その2,3番線ですが、解体工事がどんどん進んでいる様子でした。

 

駅舎からは架設通路が設けられていまして、新1,2番線ホームへ繋がっています。

 

非常に新しいホームですが、長万部〜小樽は北海道新幹線開通により廃止が決定。9年ほどで役割を終えることになります。



14:10 倶知安駅 発

倶知安駅始発の列車は、行き止まりになっている1番線ホームからの出発です。

 

真正面には胆振線から見えていた羊蹄山。蝦夷富士と呼ぶには丸みを帯びたシルエットが特徴的ですね。

 

函館本線の長万部から北は山線と呼ばれており、ここから勾配がキツくなってきます。

 

小沢駅からは岩内線が分岐していて、駅舎に面する1番線ホームから発車していました。倶知安駅と同じ感じですね。

 

小沢駅前の伯洋軒さんではトンネル餅という名物を売っていました。

「すあま」のようで、優しい甘さが特徴的なお餅。名物だったのですが店主の方が病気になられ、現在は閉店しています。

 

トンネル餅は今走っている稲穂トンネル開通を記念して、和菓子職人・西村久太郎が売り出したのが最初でした。

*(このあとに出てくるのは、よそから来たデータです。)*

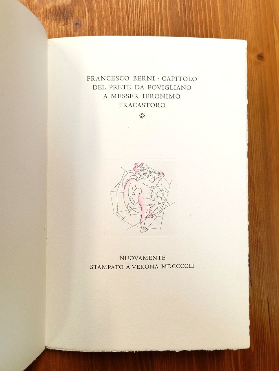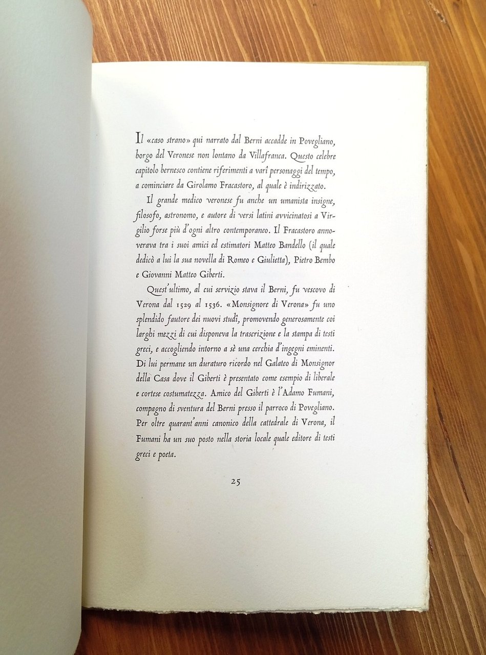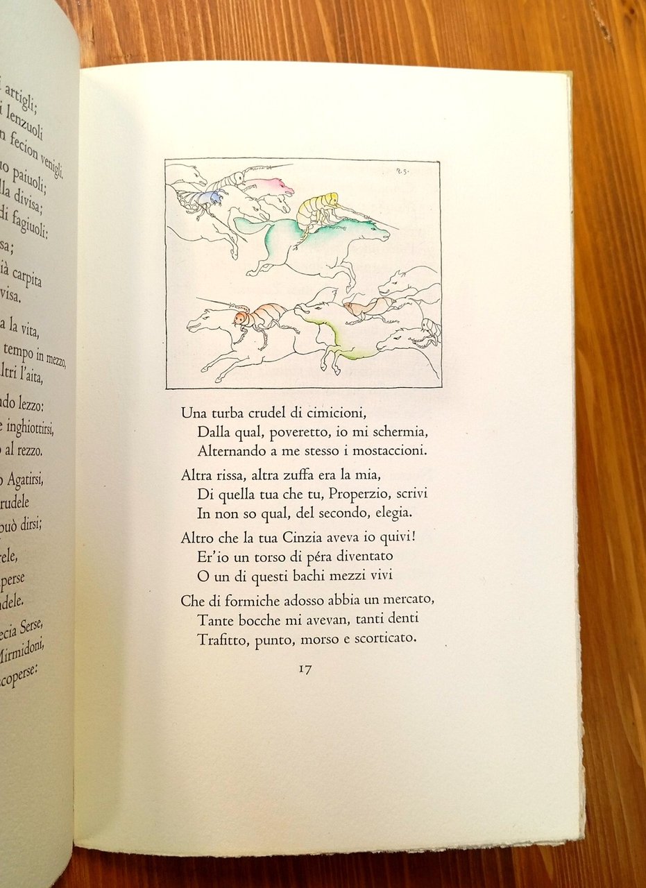 Edizione d'arte in tiratura di soli 125 esemplari numerati a stampa, il nostro è il n. 56 - Legatura editoriale in mezza pergamena con titolo in oro al dorso, piatti cartonati con fregio in oro al fronte, taglio superiore dipinto in oro, 25 pagine con 7 pregevoli acqueforti originali dell'artista Renzo Sommaruga, colorate a mano, ed una nota al lettore di Giovanni Mardersteig. Versi scritti nel 1532 e dedicati al medico veronese Fracastoro. Stampa su carta a mano Magnani di Pescia, carattere Centauro tondo e Arrighi Vicenza corpo 16. La custodia protettiva risulta brunita, fessurata alle cerniere e mancante del lato superiore; il volume riporta solo lievi segni del tempo esterni, nel complesso ottimamente conservato. Bell'esemplare di un'edizione da collezione, rara e ricercata.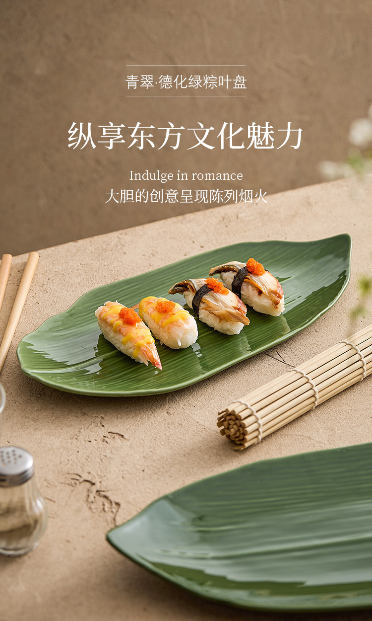 Dehua 세라믹 스시 접시 크리 에이 티브 특별 쌀 빵 잎 접시 직사각형 일본 요리 사시미 접시 과자 디저트 접시스토어 가기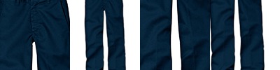 65% polyester, 35% cotton twill; Easy care stain-release; wrinkle- and fade-resistant; Reinforced knees; Two back welt pockets - left with button closure; No exterior logo;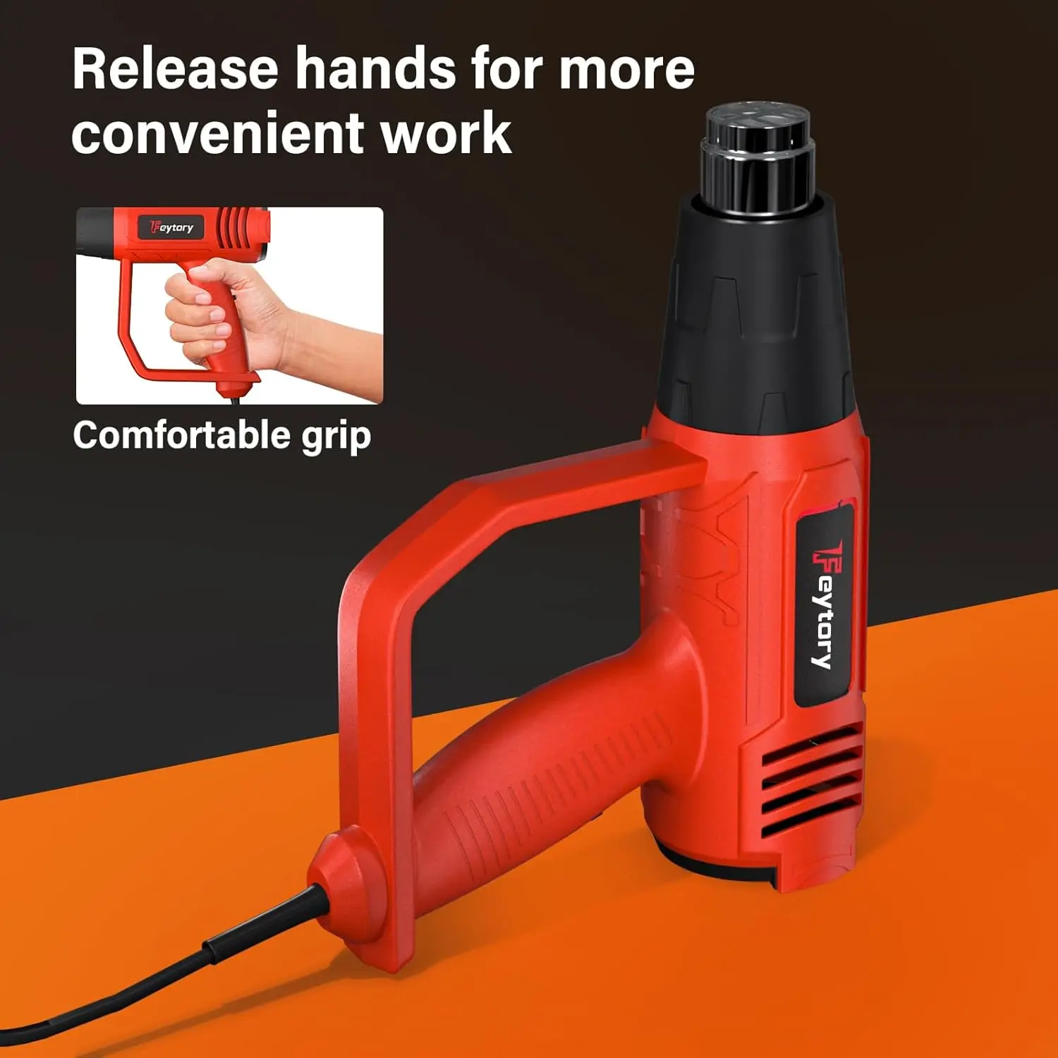 ▶ The heat gun has a scientifically ergonomically designed handle that prevents repetitive strain injuries and other musculoskeletal disorders; Ideal for shrinking heat-shrink tubing, shrink-wrapping, heating PVC, electronics, mobile phone repairs, removing paint or floor tiles, loosening rusty bolts, and other heating or defrosting purposes.

函館本線の歴史も詰まっていた名物のひとつ。ぜひ残っていてほしかったですが、お身体のためには仕方ありません。



ぐんぐん峠を登っていった頂上が、銀山駅です。

ここでは多くの普通列車が行き違いを行います。

 

銀山駅から先では、比較的軽やかな走行に一変しました。

 

仁木〜余市では果物の栽培が盛んで、広々とした果物畑を一面に見ることができます。



ニッカウヰスキーでも有名な余市駅に到着。

函館本線の存廃議論において、余市〜小樽の存続に尽力していた余市町。残念ながら鉄路存続は叶いませんでしたが、現状見るとやっぱり利用者さんは多いです。

 

僅かながら日本海を見まして、カーブが連続する小樽市西部を走ります。

 

住宅街をやや見下ろすような格好で、小樽市の中心部へ。



15:26 小樽駅 着

レトロチックな雰囲気が残る、改札に一番近い4番線ホームに到着。俳優の石原裕次郎がロケで降り立ったことから、2003年に裕次郎ホームと命名されました。

 

胆振線からDECMOが走る函館本線へ。まもなく廃止というタイミングでこのルートを辿ることができました。

胆振線の目的は鉄道による室蘭から小樽への短絡でしたから、路線バスによる峠を越えた行き来需要を拾うのは難しかったでしょう。残念とは思いつつも路線バスの役割を考えたら自然なことで、十分普通のの流れかなと思いました。

 

今回もご覧いただき、ありがとうございました。